* [Work item]
The records below are to be restated word for word, with every picture left out.
*** Opening Data excerpts ***
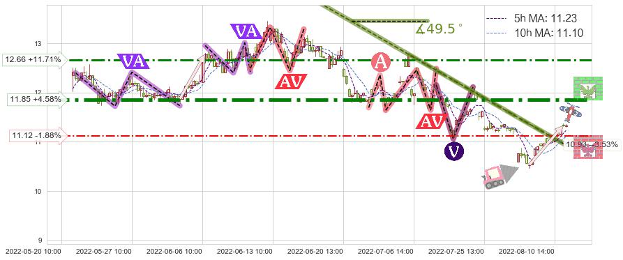 ➣ 2022-06-10 14:00-2022-08-11 14:00下跌趋势存在反转上涨[机会],其原下跌趋势的阻力位(10.93)已被突破[强支撑信号],原下跌趋势角度: 49.5˚
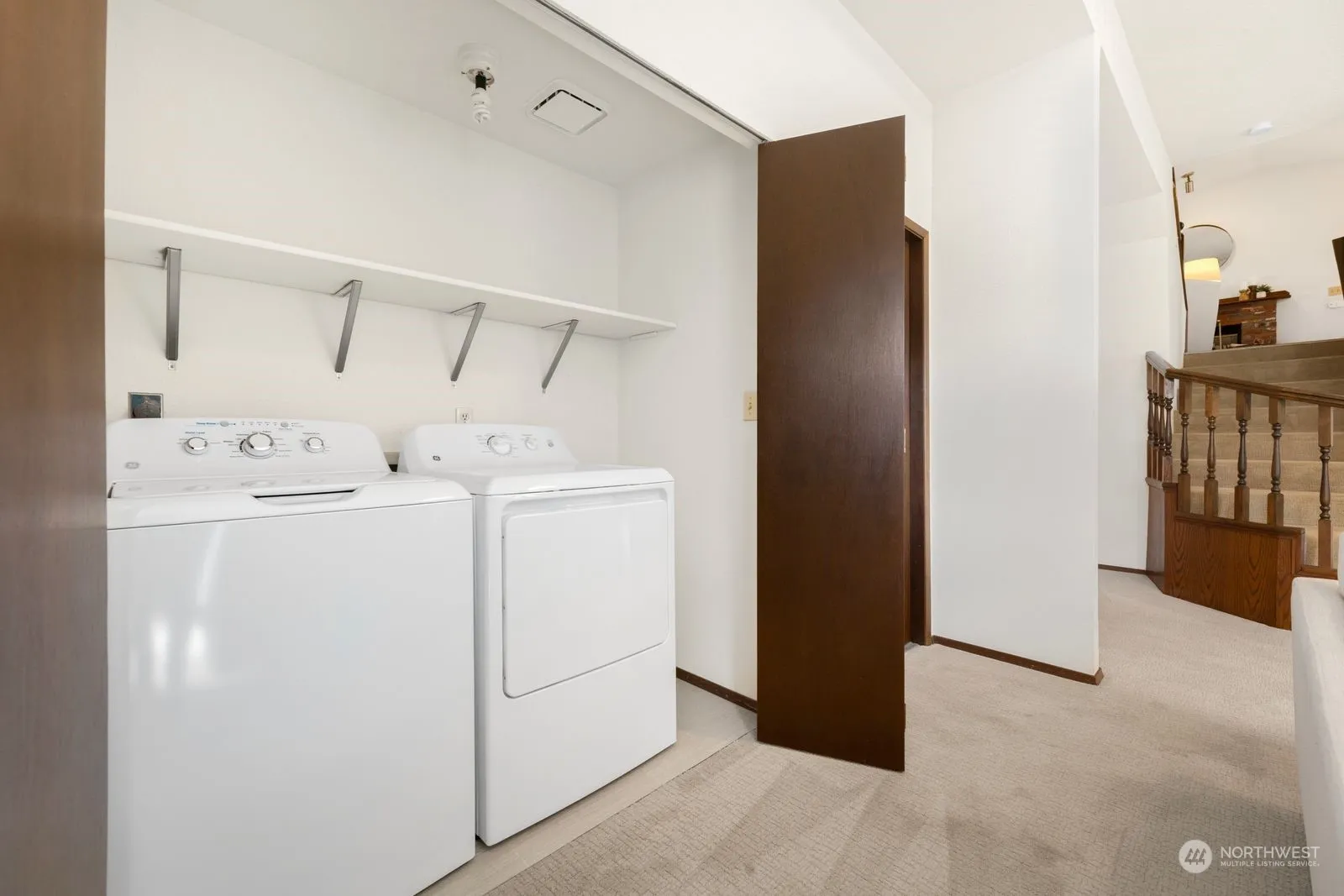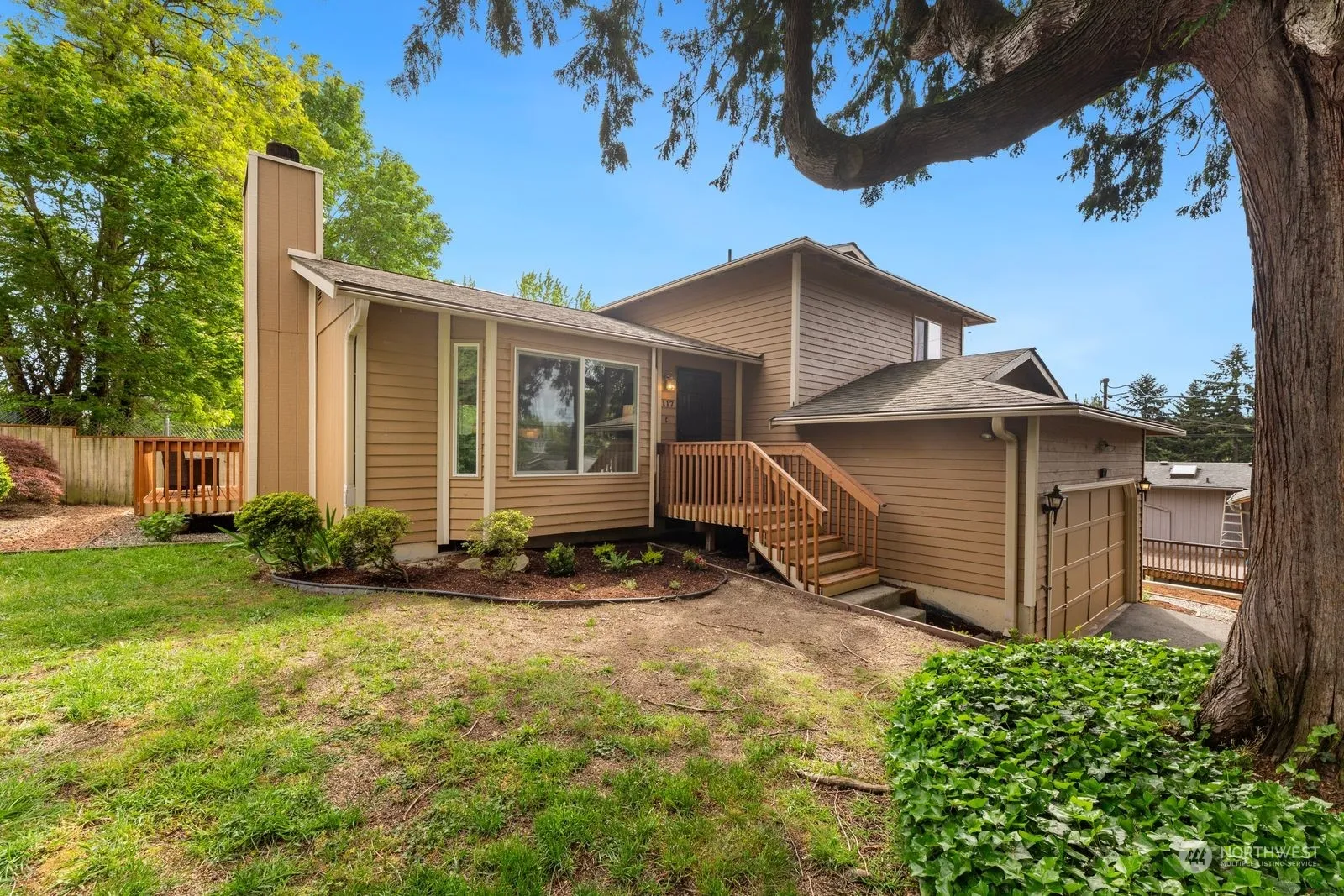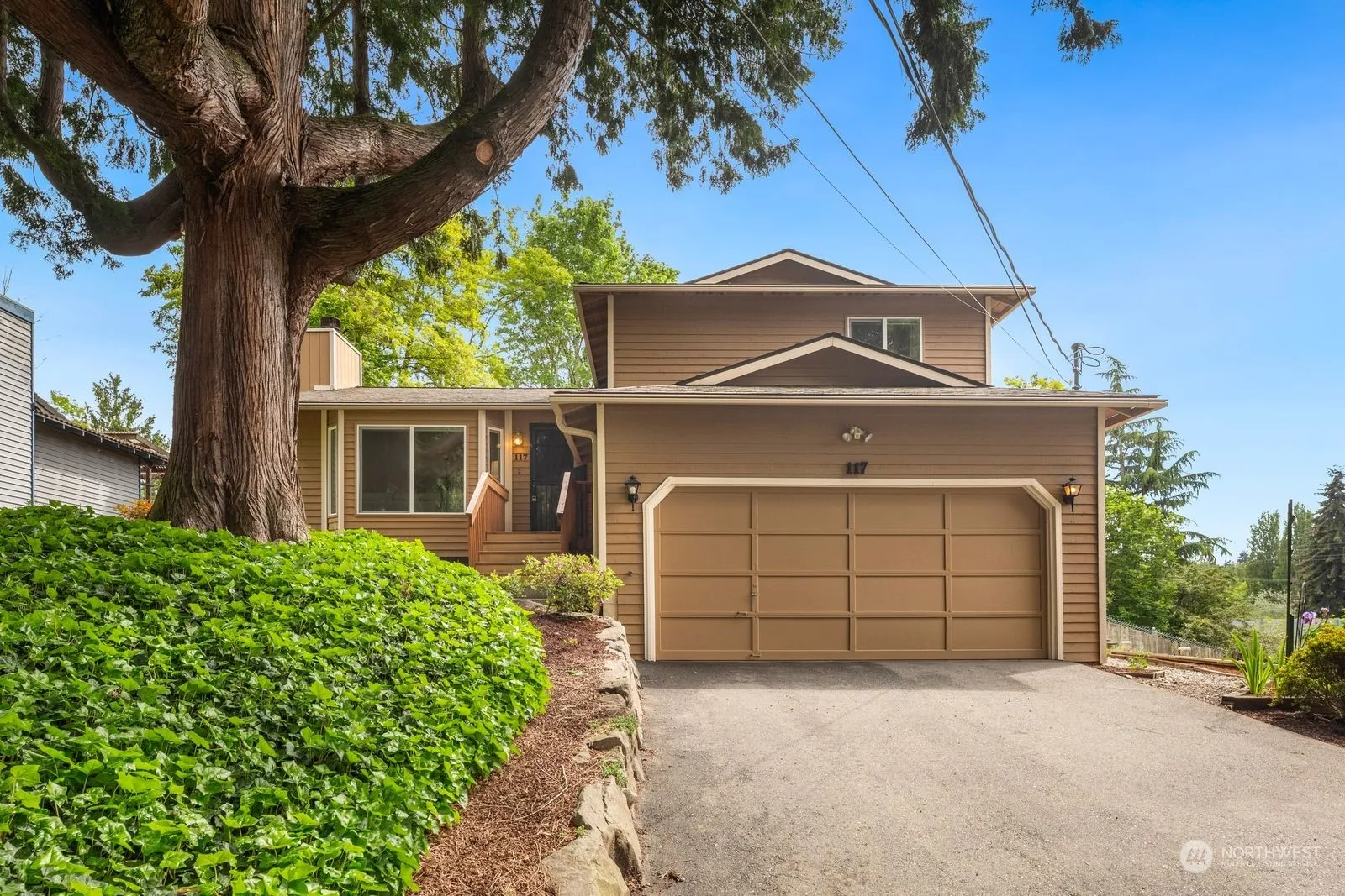 One owner, lovingly cared for 3-bedroom 1.5 bath tri-level Shoreline home w/ towering trees in low-maintenance yard. Open concept living room w/ vaulted ceiling, decorative fireplace, & wrap around kitchen w/ newer appliances. Newer carpet, LVT, vinyl, windows, applliances, electric panel & hot water heater. Fresh paint inside & out. Deck off dining room. Upper-level w/ 3 bedrooms & full bath; lower a family room bathed in natural light, high ceiling, laundry, ½ bath & access to large 2 car garage. Fertile west facing garden area from years of deep composting – veggies & flowers love it. Secluded deadend street & quiet friendly neighborhood. Shoreline schools. Convenient to I-5, 2 light rail stations, grocery stores, shopping. Welcome Home!
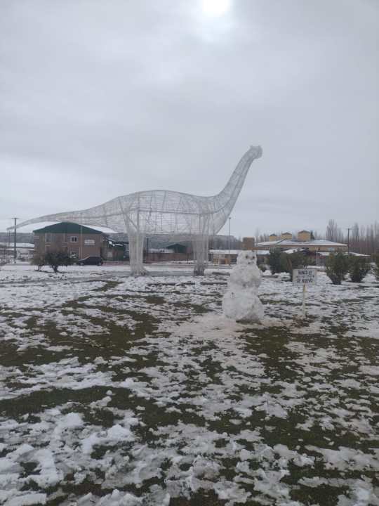 Algunas de las postales, muestra a la escultura metálica de un dinosaurio herbívoro, ubicada en el acceso a la ciudad, rodeado de blanco. También en las letras, que dan la bienvenida a la localidad.
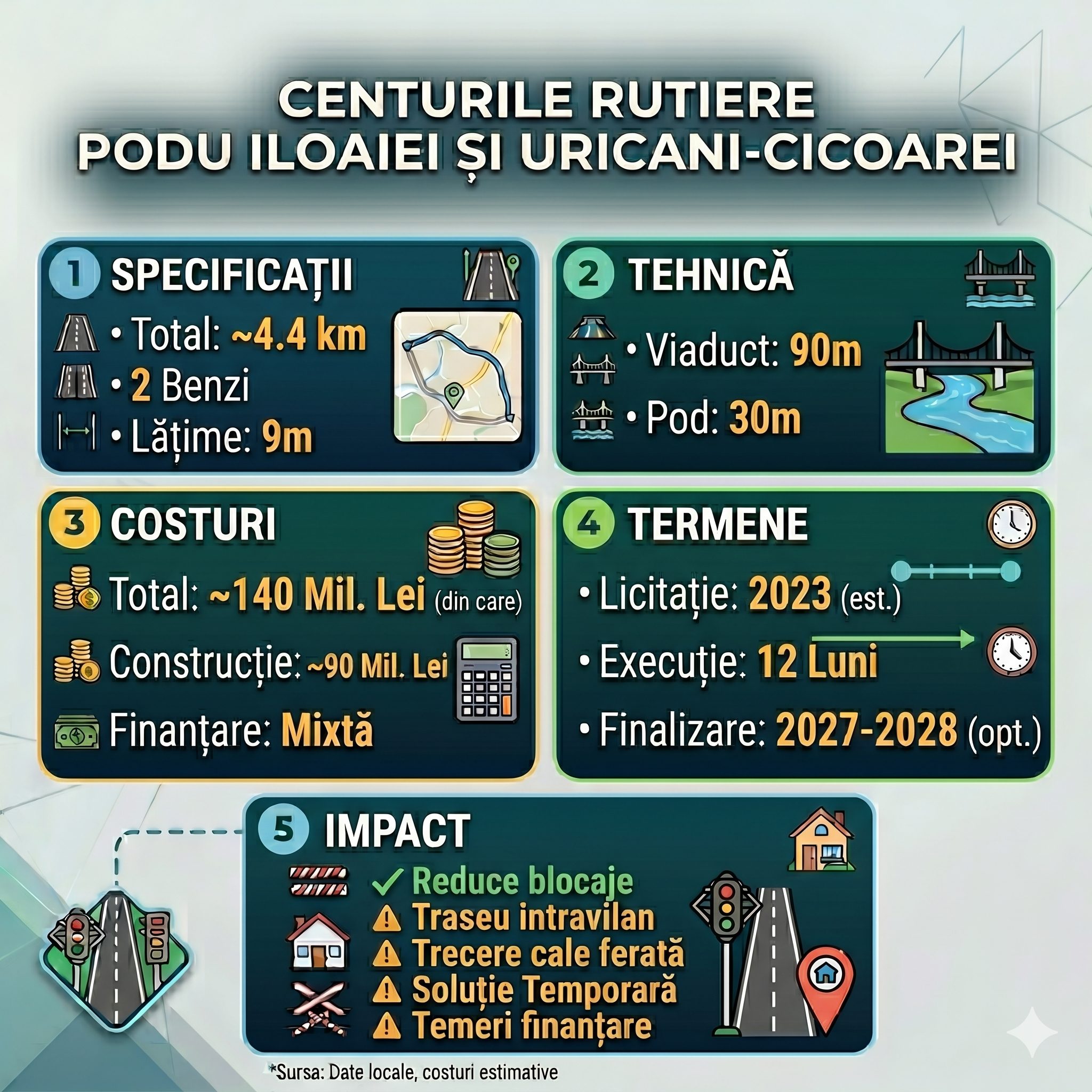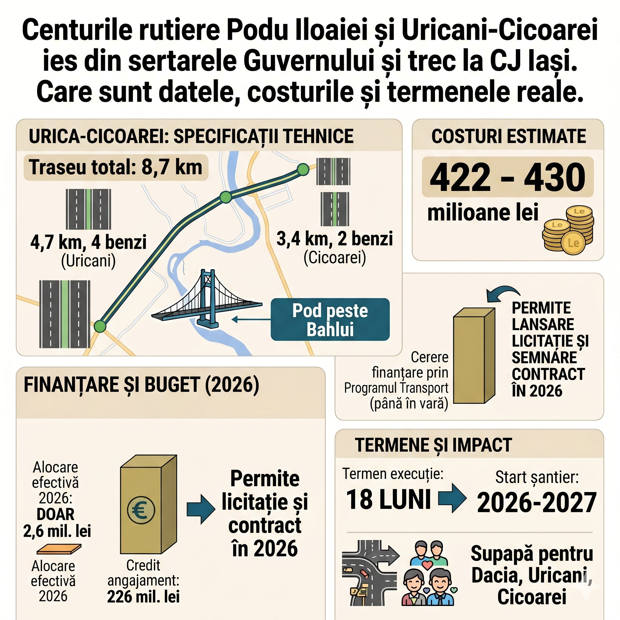 • Costuri: Valoarea estimată a lucrărilor este uriașă, situându-se între 422 și 430 de milioane de lei.
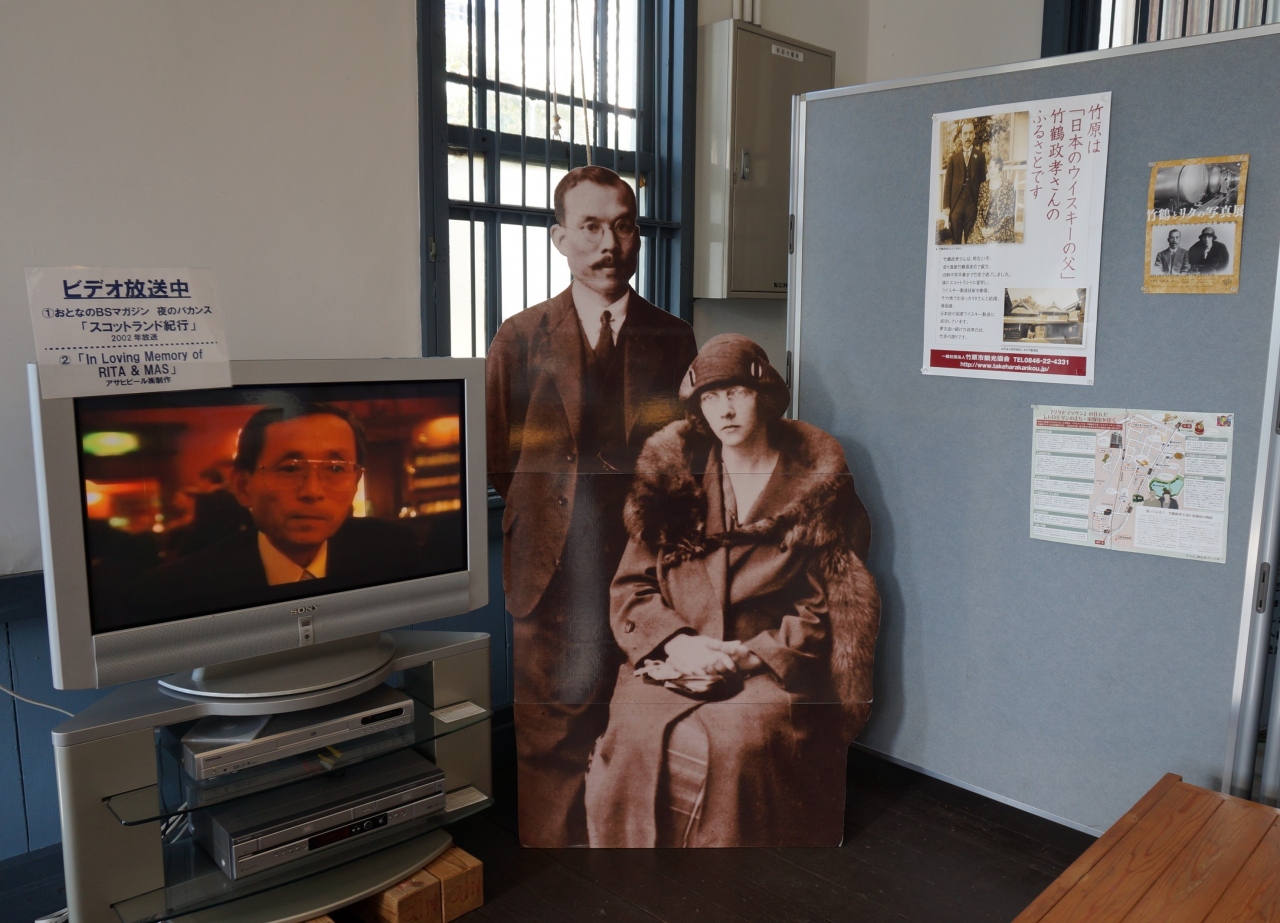 「マッサン」の竹原ロケのパネルや、政孝さんとリタさんの実際の映像も動画で流しています。
*** Closing Data excerpts ***
* [Expected answer]
 ➣ 2022-06-10 14:00-2022-08-11 14:00下跌趋势存在反转上涨[机会],其原下跌趋势的阻力位(10.93)已被突破[强支撑信号],原下跌趋势角度: 49.5˚
 One owner, lovingly cared for 3-bedroom 1.5 bath tri-level Shoreline home w/ towering trees in low-maintenance yard. Open concept living room w/ vaulted ceiling, decorative fireplace, & wrap around kitchen w/ newer appliances. Newer carpet, LVT, vinyl, windows, applliances, electric panel & hot water heater. Fresh paint inside & out. Deck off dining room. Upper-level w/ 3 bedrooms & full bath; lower a family room bathed in natural light, high ceiling, laundry, ½ bath & access to large 2 car garage. Fertile west facing garden area from years of deep composting – veggies & flowers love it. Secluded deadend street & quiet friendly neighborhood. Shoreline schools. Convenient to I-5, 2 light rail stations, grocery stores, shopping. Welcome Home!
 Algunas de las postales, muestra a la escultura metálica de un dinosaurio herbívoro, ubicada en el acceso a la ciudad, rodeado de blanco. También en las letras, que dan la bienvenida a la localidad.
 • Costuri: Valoarea estimată a lucrărilor este uriașă, situându-se între 422 și 430 de milioane de lei.
 「マッサン」の竹原ロケのパネルや、政孝さんとリタさんの実際の映像も動画で流しています。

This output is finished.